Mafalda Pestana, Department of Dermatology and Venereology, Centro Hospitalar Universitário de Lisboa Central, Lisbon, Portugal Alexandre João, Dermatology and Venereology Department – Hospital de Santo António dos Capuchos, Unidade Local de Saúde de São José, Lisbon, Portugal Susana Palma-Carlos, Centro Clínico Académico de Lisboa; Department of Immunoallergology, Unidade de Saúde Local de São José. Lisbon, Portugal Paula Leiria-Pinto, Centro Clínico Académico de Lisboa; Department of Immunoallergology, Unidade de Saúde Local de São José. Lisbon, Portugal Ana L. João, Department of Dermatology and Venereology, Hospital Santo António dos Capuchos, Unidade Local de Saúde de São José, São José, Portugal

We present a 59-year-old male with a prolonged history of severe, treatment-resistant pruritic dermatosis and associated systemic symptoms, including fatigue and diarrhea.
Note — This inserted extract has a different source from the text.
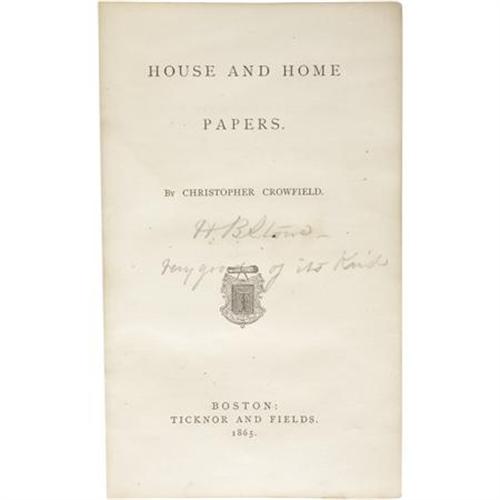 <B>Christopher Crowfield [pseudonym for Harriet Beecher Stowe]. </B></I><B><I>House and Home Papers</B></I></B></I><B>. </B></I>Boston: Ticknor and Fields, 1865.<BR> <BR>First edition, first issue. Twelvemo. 333 pages.<BR><BR>Original green cloth with decoration stamped in blind on the boards and titles stamped in gilt on the spine. Significant shelf wear to boards with nicking, spotting and wrinkling in spots and a slight warp to boards. Contents toned with some soiling and chipping to pages. Good condition.<BR><BR><BR><b>Shipping:</b> Books & Catalogs (<a target="_blank" href="http://www.heritageauctions.com/common/shipping.php">view shipping information</a>)

Dermatologic examination revealed widespread erythematous-brownish papules and nodules, prompting a skin biopsy that showed dense infiltration by immunoglobulin G4 (IgG4)-positive plasma cells, leading to a diagnosis of IgG4-related disease (IgG4-RD). The patient was treated with dupilumab, resulting in complete skin lesion resolution and significant improvement in quality of life. IgG4-RD, a rare inflammatory disease with potential multiorgan involvement, frequently challenges diagnosis due to diverse clinical presentations. This case highlights dupilumab effectiveness as a novel therapy for IgG4-RD with cutaneous involvement, offering a promising alternative for patients who do not respond well to corticosteroids.

Keywords: Immunoglobulin G4-related disease. Cutaneous. Dupilumab.